Hell, I was just glad that I wasn’t pregnant.
“Well, that’s good. One less problem you have to worry about.”
“Yeah. I guess so.
“So, I met someone,” Micki chimed.
“He isn’t white is he?” I joked.
“Actually he is. How did you know that? Who told you?”
Wait…what?
Okay, now this was freaking me out!
Of course prior to having the “dream” or even that day, I had told Micki about my possibly pregnant status. She was my best friend. Of course she knew. But we hadn't talked, so I hadn't told her anything about my dream as of yet or that she’d said those exact words to me in it.
Something was wrong. Something was very wrong.
I stared at her.
“Why you looking at me like that? What’s wrong with you?” Micki questioned. “I know. I’ve always said that I wouldn’t date a white man but time is money…literally.”
Micki laughed and started messing with the things that I had on the counter. She was sneaking and tasting whatever she could.
She giggled, knowing that I was about to stop her.
Hmmm…
She seemed normal. Maybe I was thinking about it all too much. Maybe it was just a coincidence. It had to be because if I hadn’t been dreaming, I would be pregnant.
I wasn’t pregnant.
I was bleeding more than a patient having open heart surgery in between my legs and I’d never even taken the pregnancy test.
I shook my head.
“So what about this man?”
“What other than he’s a sexy, tall glass of milk? He’s older too. Like ten years or so. But I like his maturity. He’s divorced. Three kids. Professional. Smart. And from
the conversations that we’ve had, he seems to be a little on the freaky side too,” Micki proclaimed.
Okay, so this white man was different from the one that she’d explained to me in my dream.
Good.
“I need that money Sassi. For me and my babies. Hell, I need love too. But I would love twenty million dollars, you know. I gotta’ make him fall in love with me. So, for starters, I need you to teach me how to cook. I’m a little challenged in the kitchen as you know,” she laughed.
She was right.
If it wasn’t fried chicken or something simple, in a box or in a bag, Micki couldn’t cook it.
“I’ll see what I can do.”
“You might as well. You have plenty of time to teach me now. I mean, you don’t have a husband or a man on the side anymore…right? And you’re unemployed. What else do you have to do?” Micki started to laugh hysterically and I punched her in the arm.
“Sorry. Too soon?”
“Yes. Way too soon,” I growled although she was absolutely right. I’d lost everything. But I was going to get it back. Just watch me.
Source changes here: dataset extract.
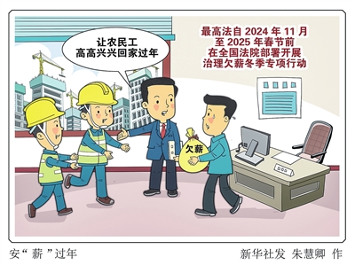 记者12月23日从最高人民法院举行的“强化欠薪治理 保障劳动权益”新闻发布会获悉,最高法自2024年11月至2025年春节前在全国法院部署开展治理欠薪冬季专项行动,切实做好岁末年初欠薪案件审判执行工作,依法及时、有力保障农民工权益,让农民工高高兴兴回家过年。(新华社发 朱慧卿 作)
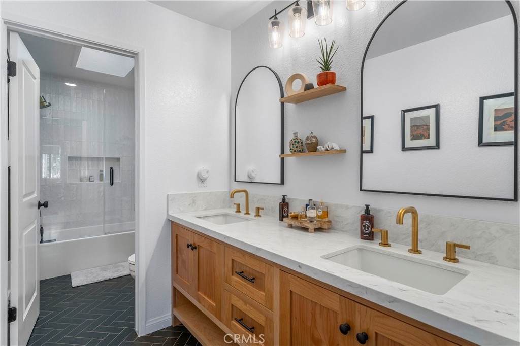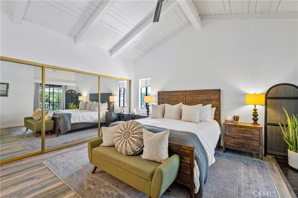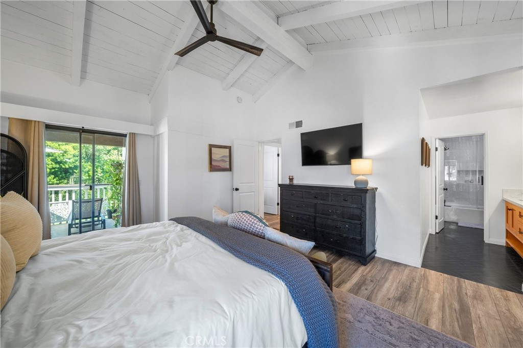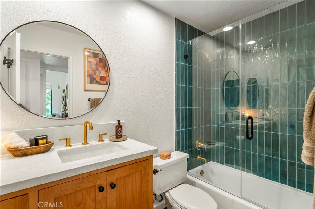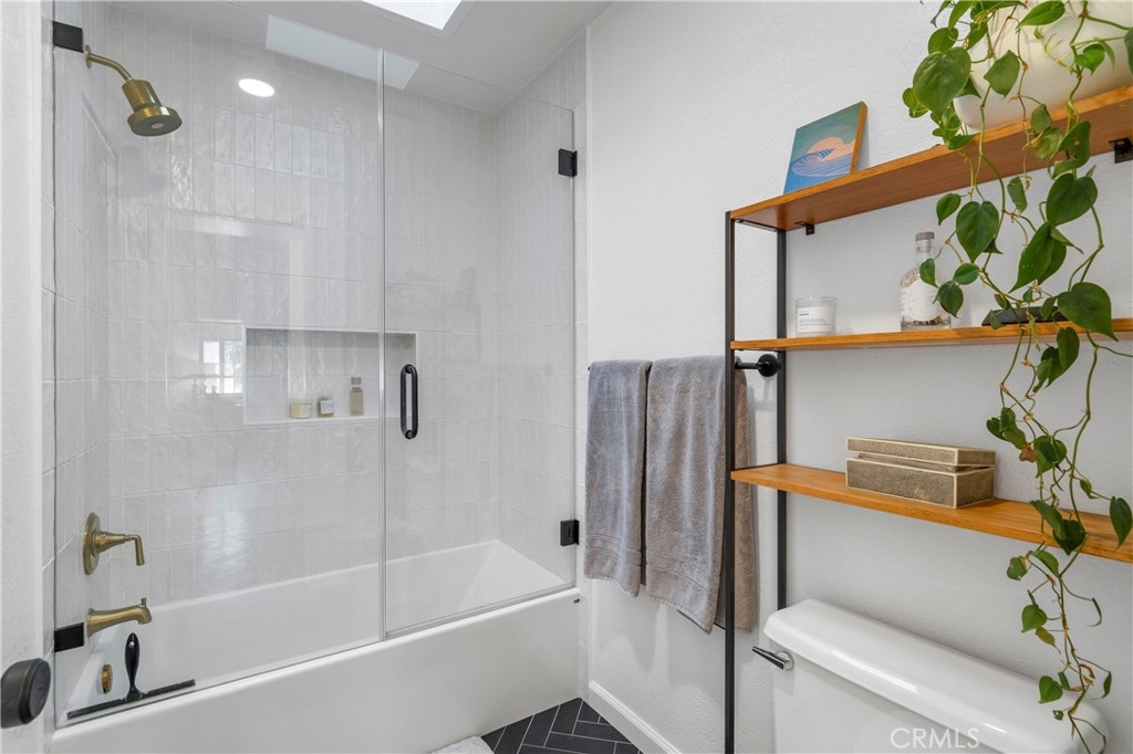 Welcome to the sought-after gated community of Seaspray, nestled in the heart of Huntington Beach. This beautifully remodeled upper unit exemplifies meticulous care and pride in ownership. Boasting 3 bedrooms and 2 bathrooms with vaulted ceilings and nearly 1,200 square feet of living space, this home features a newly remodled chef's kitchen with soft-close white cabinets, elegant quartz countertops and backsplash, a breakfast bar, recessed lighting, and newer stainless steel appliances. The kitchen seamlessly connects to the dining area and living room, creating an ideal space for entertaining. The spacious living room is enhanced by a cozy fireplace, a modern ceiling fan, and a balcony that overlooks lush, manicured grounds. The newly updated bathrooms showcase stylish herringbone-patterned limestone flooring, European white oak cabinets, and contemporary fixtures. The generous primary bedroom features a dressing area, a beautifully appointed bathroom, and its own private balcony. This unit also includes an inside laundry room, detached single-car garage, one assigned parking space and plenty of guest parking. In 2021, the meticulously maintained community experienced a significant transformation featuring an updated pool and jacuzzi spa, a clubhouse, illuminated tennis courts, new balconies, a 40-year roof warranty, and refreshed landscaping. The HOA covers water, trash, and exterior maintenance. Residents of this community enjoy access to two private gates leading to bike and walking trails that connect directly to the beach. Conveniently located near shopping, dining, parks, and hiking trails. With its prime location, this unit presents an outstanding opportunity to experience the ideal Huntington Beach lifestyle.

We chatted for a while longer and then she headed out.
Just as she pulled off, Eddie pulled up. I checked myself in the mirror.
Damn it! I looked a mess. I wanted to be dressed before he came by.
“How are you going to catch a man, looking like a man?” I scowled my reflection, and threw off my scarf just before Eddie turned the knob.
“Hey,” I chimed.
Eddie walked in without speaking.
He smelled like Polo again.
So, what they were all buddy-buddy again, while I had to work for it? What kind of crap was that? If anything, he should have been equally mad at the both of us. I mean to me that made more sense.
They’d always been close but damn! You’d think that he would have been more concerned with trying to mend the relationship with the woman that he’d married and the mother of his kids, rather than mending his friendship with the man that was just as guilty. Hell if he wanted a best friend that bad, I could be his best friend, and his wife, and I was the one with that good stuff that had been making him cum in just two minutes for the last few years.
Humph. I’m just saying.
More than ever before, their friendship made me feel some kind of way. They’d always been too close for comfort, but at that moment I realized that maybe they’d been close in an unhealthy sort of way. It was more than just some “we grew up together” bull crap. They could tell that to someone else who might actually believe it because as of that very moment, I no longer did.